# Webpage with Java applet is causing browser to hang



## bigtoque (Apr 21, 2011)

I've installed OpenJDK 6 as described in the Browsers section of the handbook, and when I go to the Java test page (http://www.java.com/en/download/testjava.jsp), the applet loads up and says everything is working.

When I go to this link the browser hangs: 
http://ltc.umanitoba.ca/organochat/viewtopic.php?f=16&t=407
(A message board put up by my organic chemistry professor so the class could get help)

If I load up the site in Windows, the applet loads, but brings up a pop-up menu saying the digital certificate had expired and gave me the option of either allowing the applet to load or not load.

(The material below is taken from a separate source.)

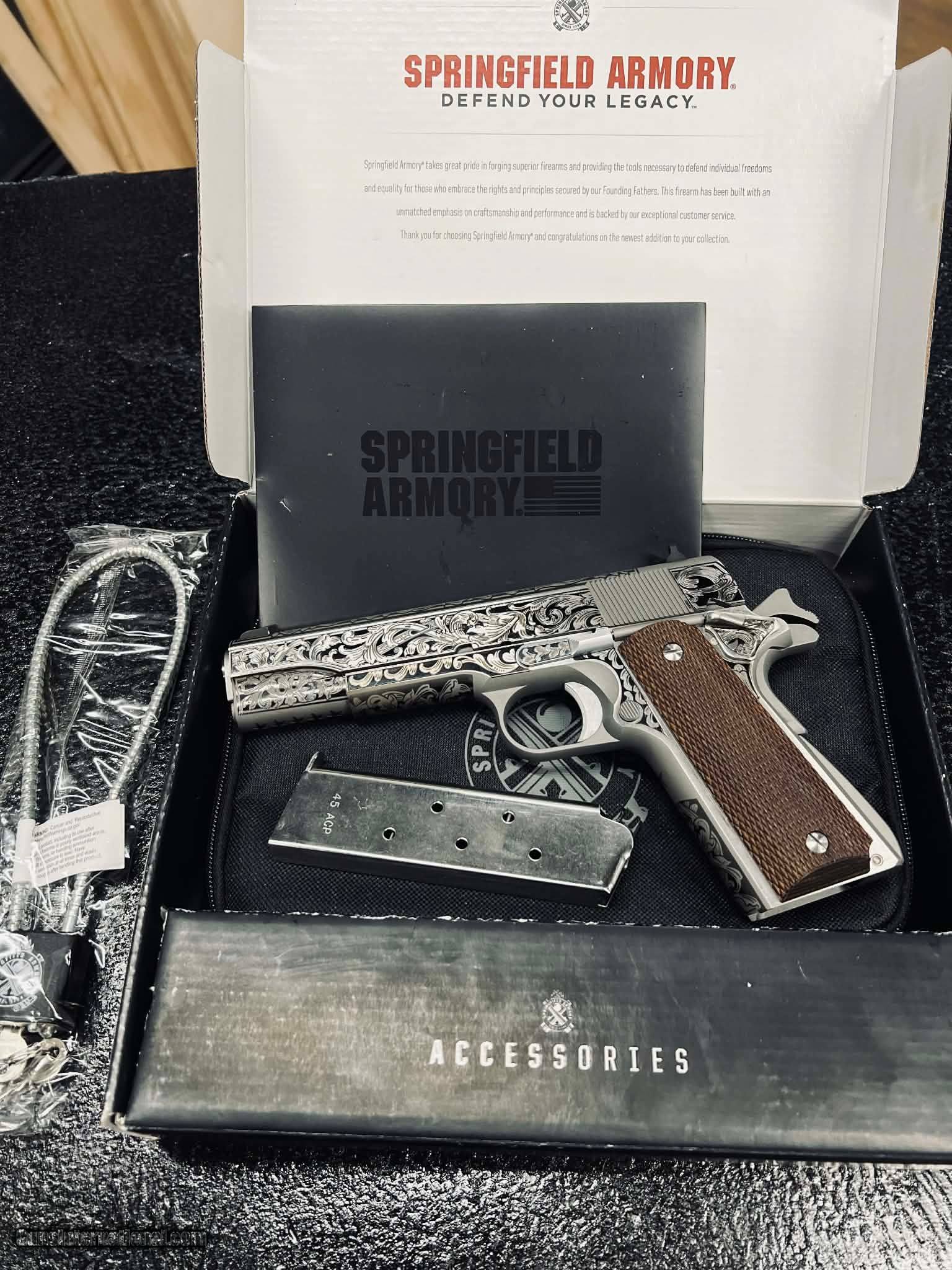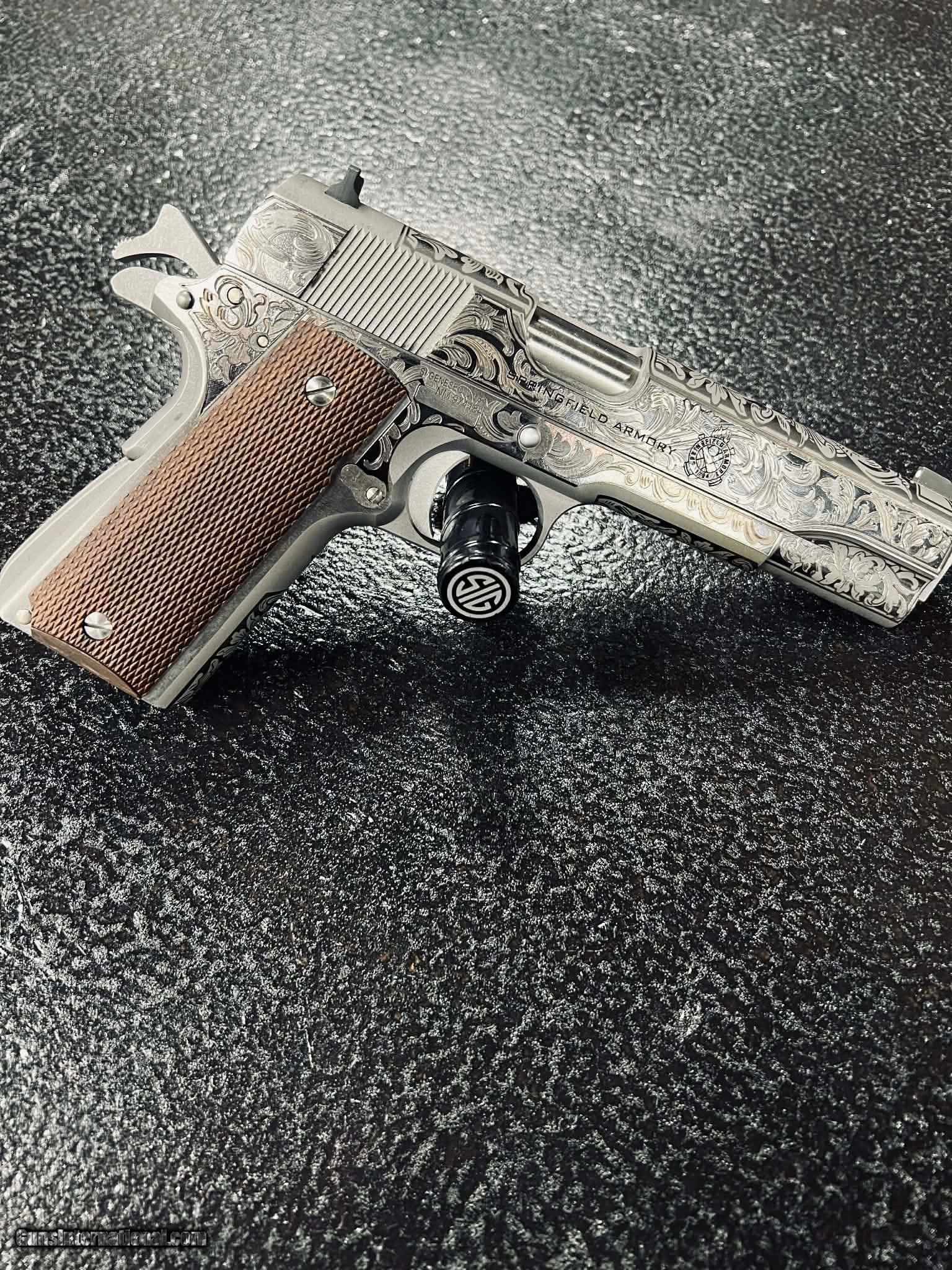 Description: Guns Listing ID: 597794 Springfield Armory Mil-Spec 1911 .45 ACP — Custom Engraved by Damage Factory. Up for grabs is a Springfield Armory Mil-Spec 1911 in .45 ACP, upgraded from classic American steel into a one-of-a-kind, custom-engraved masterpiece by the artisans at Damage Factory. This isn’t just a 1911 — it’s heritage with attitude. Condition • Excellent overall • Clean bore, tight lockup, no mechanical issues • Carried lightly, shot even less • Engraving is crisp, deep, and professionally done Damage Factory Custom Engraving Includes • Precision-cut patriotic and tactical motif • Detailed slide engraving (both sides) • Tasteful frame accents • Unique serial-matched DF artwork — impossible to replicate • Engraving sealed and protected for longevity Features • .45 ACP – the king of American calibers • Forged steel frame & slide • Mil-Spec reliability and iconic styling • High-profile 3-dot sights • Crisp single-action trigger • Comes with original case & one magazine Why You Want This Because any store can sell a 1911 — but only Damage Factory can turn one into a statement piece. Whether it lives in your safe, your holster, or your display case, this pistol stands out in a sea of ordinary. Perfect for collectors, patriots, shooters who appreciate craftsmanship, or anyone who wants a 1911 with real personality. Manufacturer: SPRINGFIELD ARMORY Model: 1911 MIL-SPEC Caliber Info: .45 ACP Condition: Used - Non-Certified Barrels: 5" BARREL Action: SEMI AUTOMATIC Finish: BRUSHED STAINLESS Price: $1,911.99 Contact Seller |

I don't get this option in FreeBSD. So, is it possible to fix this?


----------



## wblock@ (Apr 21, 2011)

It's a PHP message board.  What Java applet are you seeing?


----------



## bigtoque (Apr 21, 2011)

I know the message board itself is PHP, but there are two Java applets embedded in the thread that I linked to.

You don't see it? Maybe I posted a bad link.

From the Board Index: General Discussion -> "Aldol Condensation" (3rd topic from the top)

If I disable the IcedTea Plugin, the page loads fine, and I have two gray boxes with the caption "The plugin for this content has been disabled. Click here to manage your plugins."


----------



## wblock@ (Apr 21, 2011)

Doh.  Noscript hid them.  Native Firefox 4 hangs, 3.16 in Wine just shows black boxes for the applets.


----------